__Work task__.
Set down, please, exactly the lines below that run from the line with "시는 당초 지하철 기본요금을" to the line with "Mexen Tomas granitā", both lines included.

__Given records__.
[Start of Attachment]
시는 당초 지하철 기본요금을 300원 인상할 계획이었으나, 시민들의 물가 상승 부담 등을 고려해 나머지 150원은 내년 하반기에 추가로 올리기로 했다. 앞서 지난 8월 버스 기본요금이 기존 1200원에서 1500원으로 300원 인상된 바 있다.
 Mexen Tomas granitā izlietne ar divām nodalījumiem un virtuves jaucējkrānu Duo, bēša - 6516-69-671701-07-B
[End of Attachment]
[Start of Attachment]
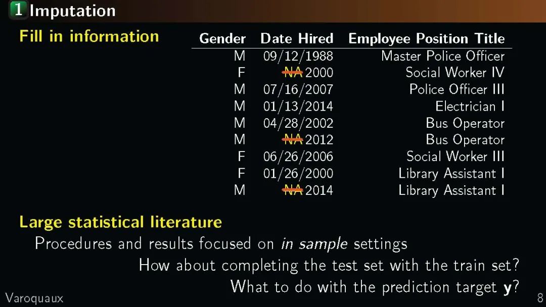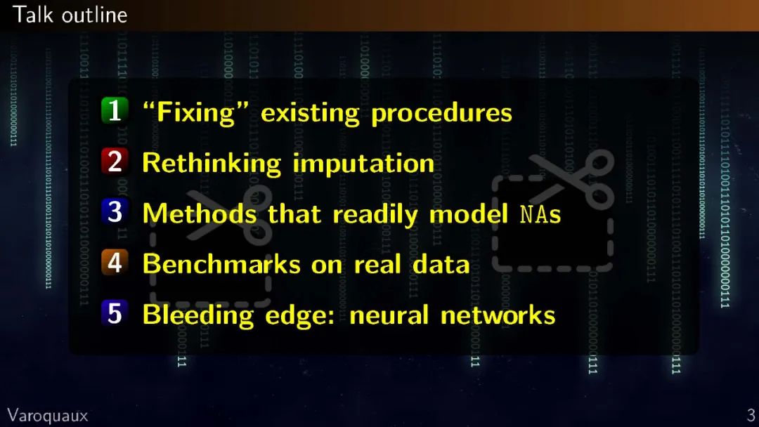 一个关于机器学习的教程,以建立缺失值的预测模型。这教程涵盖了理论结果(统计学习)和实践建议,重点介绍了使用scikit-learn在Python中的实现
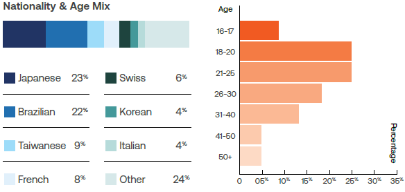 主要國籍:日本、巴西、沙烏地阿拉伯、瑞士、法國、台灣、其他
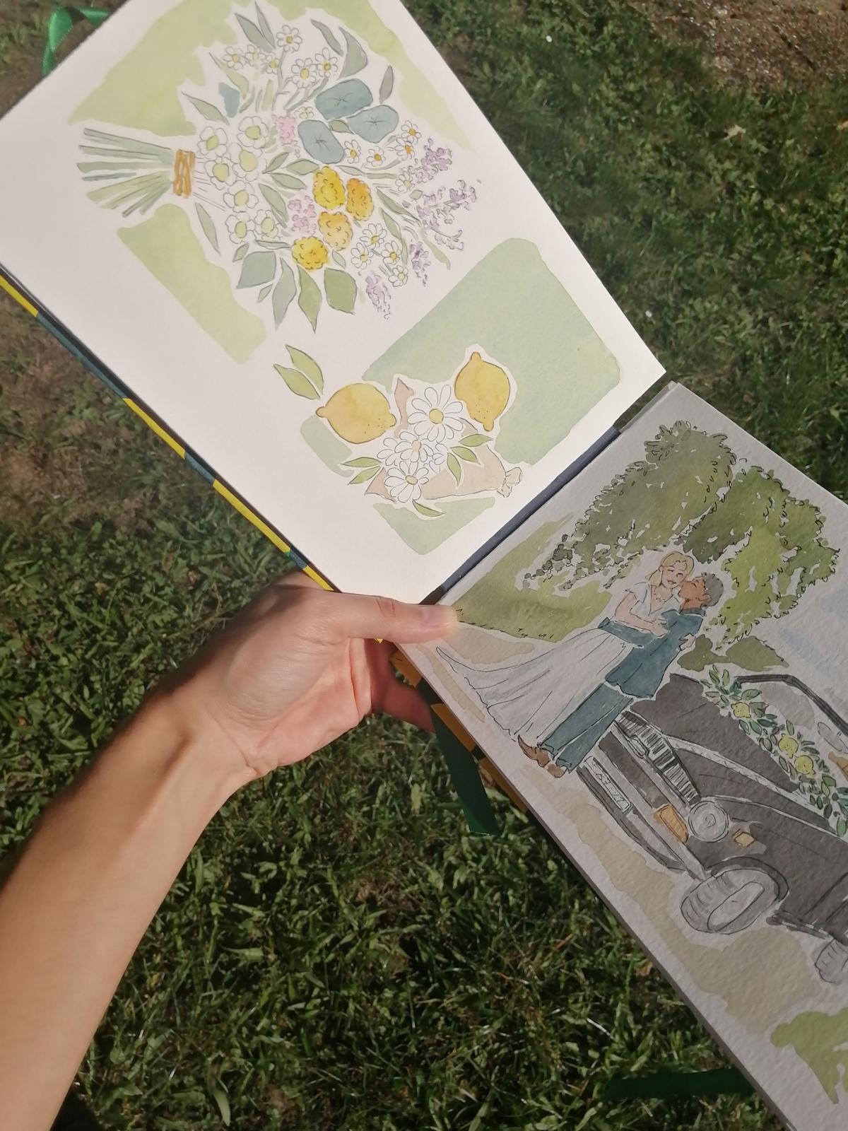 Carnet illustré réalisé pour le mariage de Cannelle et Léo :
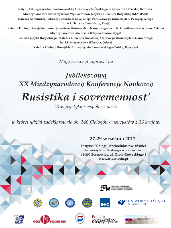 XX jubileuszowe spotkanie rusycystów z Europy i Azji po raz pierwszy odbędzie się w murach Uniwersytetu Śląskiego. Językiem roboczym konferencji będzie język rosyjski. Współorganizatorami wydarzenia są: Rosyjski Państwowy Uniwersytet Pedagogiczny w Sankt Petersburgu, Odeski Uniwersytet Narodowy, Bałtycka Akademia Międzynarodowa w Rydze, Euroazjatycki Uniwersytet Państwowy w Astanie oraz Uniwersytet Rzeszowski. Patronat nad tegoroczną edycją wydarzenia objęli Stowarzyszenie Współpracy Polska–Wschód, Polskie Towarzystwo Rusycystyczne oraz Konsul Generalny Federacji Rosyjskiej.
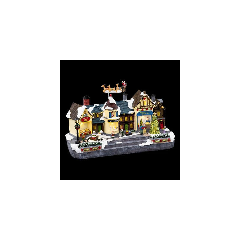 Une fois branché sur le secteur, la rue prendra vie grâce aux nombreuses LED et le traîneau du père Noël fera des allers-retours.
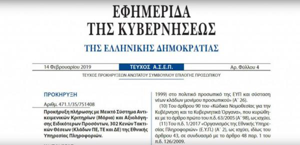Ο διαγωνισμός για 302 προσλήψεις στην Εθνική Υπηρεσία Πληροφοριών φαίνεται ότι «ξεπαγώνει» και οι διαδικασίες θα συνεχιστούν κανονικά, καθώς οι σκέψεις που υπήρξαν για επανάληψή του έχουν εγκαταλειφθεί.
[End of Attachment]
__Solution__.
시는 당초 지하철 기본요금을 300원 인상할 계획이었으나, 시민들의 물가 상승 부담 등을 고려해 나머지 150원은 내년 하반기에 추가로 올리기로 했다. 앞서 지난 8월 버스 기본요금이 기존 1200원에서 1500원으로 300원 인상된 바 있다.
 Mexen Tomas granitā izlietne ar divām nodalījumiem un virtuves jaucējkrānu Duo, bēša - 6516-69-671701-07-B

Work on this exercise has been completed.